• _What you will do_
For the material below, reproduce exactly each line from the one that has "会場の準備完了「お客さん待ち」" through the one that has "соціального розвитку території, функціонування", and no others; pictures stay out.

Input records section start

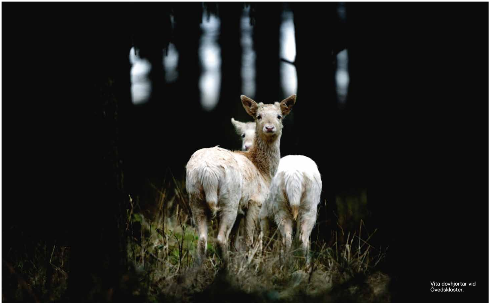
Vita dovhjortar vid Övedskloster.
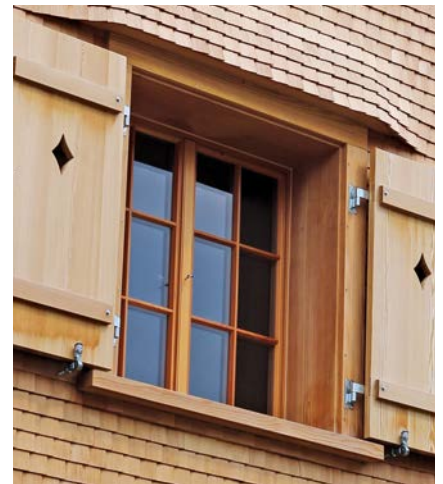
SCHOTT RESTOVER®-Fenster, Rahmen aus Lärchen-Holz, geölt
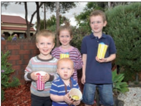
Otroci družine Baxter
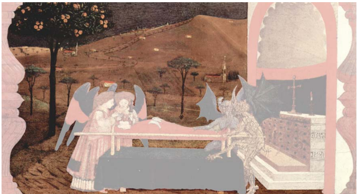
PAOLO UCCELLO, Miracolo dell'ostia profanata, predella , 1467-1468 (Galleria nazionale delle Marche, Urbino) – rielaborazione
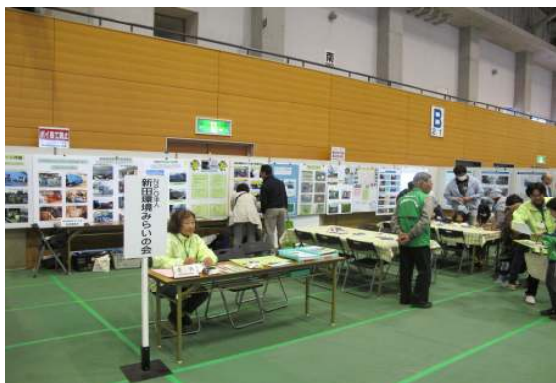
会場の準備完了「お客さん待ち」
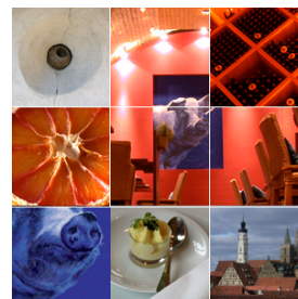
Rothenburg ob der Tauber Hotel Mittermeier
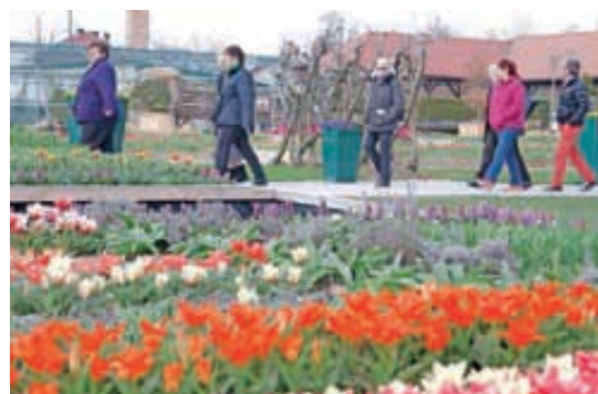
V Arboretumu bo tudi letos zacvetelo več kot dva milijona tulipanov in drugih spomladanskih cvetic.

V parku so se zadnje tedne intenzivno pripravljali na že 24. spomladansko razstavo, za katero so oktobra posadili
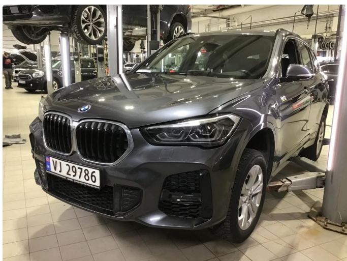
1.1 Oversiktsbilder av bilen.
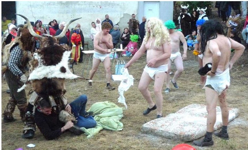
FOTO 16. A RUPTURA DUN OFICIO (SANTIAGO DE ARRIBA). (CHANTADA) “A GUARDERÍA DO MOREDO”.

Os oficios adoitan ter un gran éxito entre o público da bisbarra, de concellos limítrofes e mesmo da cidade de Lugo, De ano en ano o nivel de afluencia, se o tempo acompaña, vai aumentando considerablemente.
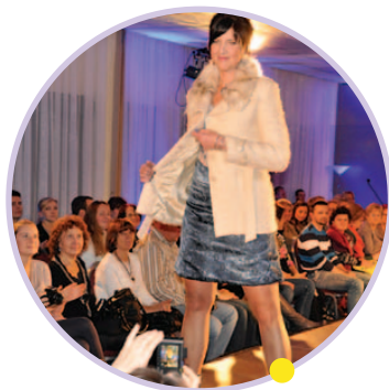
Pokaz mody

Cieszę się małymi rzeczami, bo one są najważniejsze. Sztuką jest czerpanie radości ze zwykłych, małych rzeczy. Ja już się tego nauczyłam. Nauczyłam się też dbać o siebie, dbać o swoje zdrowie. W chwili obecnej mam dobre wyniki badań kontrolnych. Badaniom poddaję się regularnie, bo to jest konieczne. Trzeba mieć przewagę nad chorobą, wychwycić niepokojące sygnały od razu, badać się u specjalistów.
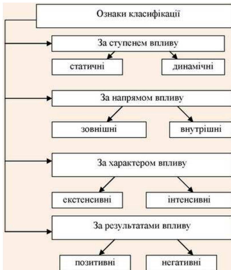
Рис. 2. Класифікація факторів розвитку туризму [17]

соціального розвитку території, функціонування фінансової системи країни, купівельна спроможність населення та рівень його життя, динаміка населення і якісні характеристики трудових ресурсів тощо) [14]. Так, науковці О. Азарян та Н. Жукова визначають, що для розвитку туристичної індустрії в будь-якій країні, у тому числі й Україні, наявні обмежувальні фактори, які потрібно постійно долати й нівелювати ними з метою налагодження успішного туристичного сервісу в державі [1]. До останніх вони відносять негативні явища в економіці та політиці країн (наприклад конфлікти), а також гнучко-динамічні фінансово-економічні й ринково-споживчі процеси.
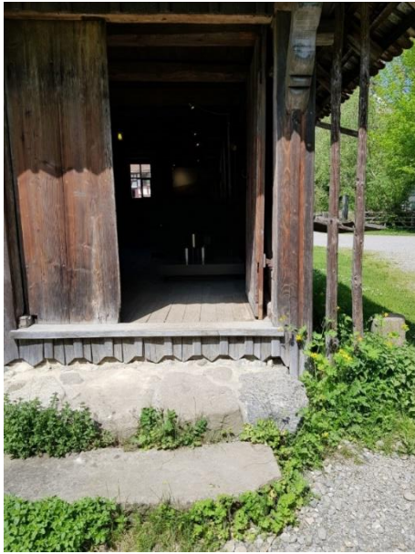
Eingang Käseausstellung Tür: 94 cm, 3 Stufen: 15, 16 und 26 cm
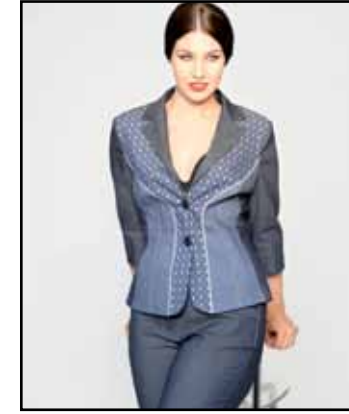
pag. 39 Giacca 91670 Pantaloni 91671
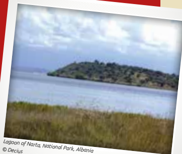
Lagoon of Narta, National Park, Albania

En su tercera sesión, celebrada en 2008, la Reunión de las Partes hizo suyas las conclusiones del Comité y emitió una decisión basada en las recomendaciones del mismo. Durante los tres años siguientes, el Comité procedió al seguimiento de los progresos realizados por Albania en el cumplimiento de las recomendaciones del Comité, y Albania informó sobre las medidas que estaba adoptando para cumplir sus obligaciones, de modo que el público pudiera participar en planes y actividades similares, incluidas las fases de seguimiento del proyecto de Vlora. En su informe presentado a la cuarta sesión de la Reunión de las Partes, celebrada en 2011, el Comité consideró que las medidas adoptadas por Albania eran suficientes y que ya no se encontraba en una situación de incumplimiento.
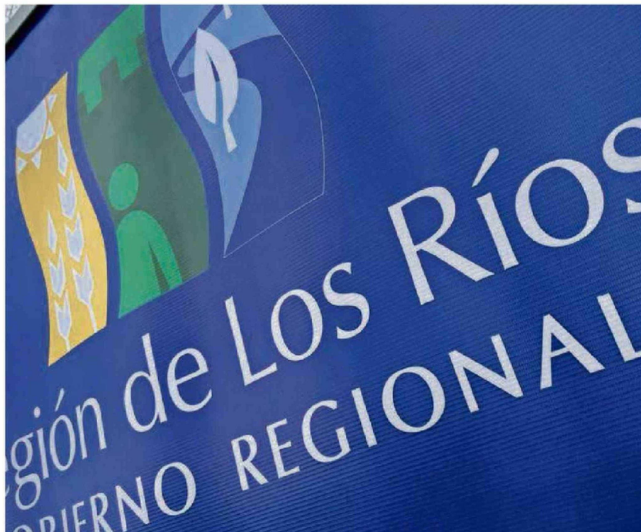
GOBIERNO REGIONAL ESTÁ REALIZANDO GESTIONES, JUNTO CON ANCORE, AGORECHI Y SENADOR IVÁN FLORES PARA REVERTIR SITUACIÓN.

Agregó que "pasamos el año en estas circunstancias, durante noviembre y diciembre con una deuda de arrastre sobre los 10 mil millones de pesos y, por lo tanto, cuando solicitamos en enero los recursos, estábamos solicitando esa deuda de arrastre más 4 mil millones de pesos del gasto comprometido en el mes de enero. Eso da una suma sobre los 14 mil millones de pesos. Nos han depositado sobre los 7 mil millones de pesos y, por lo tanto, estamos con una deuda de arrastre cer-

Input records section end

• _Written response_
会場の準備完了「お客さん待ち」
Rothenburg ob der Tauber Hotel Mittermeier
V Arboretumu bo tudi letos zacvetelo več kot dva milijona tulipanov in drugih spomladanskih cvetic.

V parku so se zadnje tedne intenzivno pripravljali na že 24. spomladansko razstavo, za katero so oktobra posadili
1.1 Oversiktsbilder av bilen.
FOTO 16. A RUPTURA DUN OFICIO (SANTIAGO DE ARRIBA). (CHANTADA) “A GUARDERÍA DO MOREDO”.

Os oficios adoitan ter un gran éxito entre o público da bisbarra, de concellos limítrofes e mesmo da cidade de Lugo, De ano en ano o nivel de afluencia, se o tempo acompaña, vai aumentando considerablemente.
Pokaz mody

Cieszę się małymi rzeczami, bo one są najważniejsze. Sztuką jest czerpanie radości ze zwykłych, małych rzeczy. Ja już się tego nauczyłam. Nauczyłam się też dbać o siebie, dbać o swoje zdrowie. W chwili obecnej mam dobre wyniki badań kontrolnych. Badaniom poddaję się regularnie, bo to jest konieczne. Trzeba mieć przewagę nad chorobą, wychwycić niepokojące sygnały od razu, badać się u specjalistów.
Рис. 2. Класифікація факторів розвитку туризму [17]

соціального розвитку території, функціонування фінансової системи країни, купівельна спроможність населення та рівень його життя, динаміка населення і якісні характеристики трудових ресурсів тощо) [14]. Так, науковці О. Азарян та Н. Жукова визначають, що для розвитку туристичної індустрії в будь-якій країні, у тому числі й Україні, наявні обмежувальні фактори, які потрібно постійно долати й нівелювати ними з метою налагодження успішного туристичного сервісу в державі [1]. До останніх вони відносять негативні явища в економіці та політиці країн (наприклад конфлікти), а також гнучко-динамічні фінансово-економічні й ринково-споживчі процеси.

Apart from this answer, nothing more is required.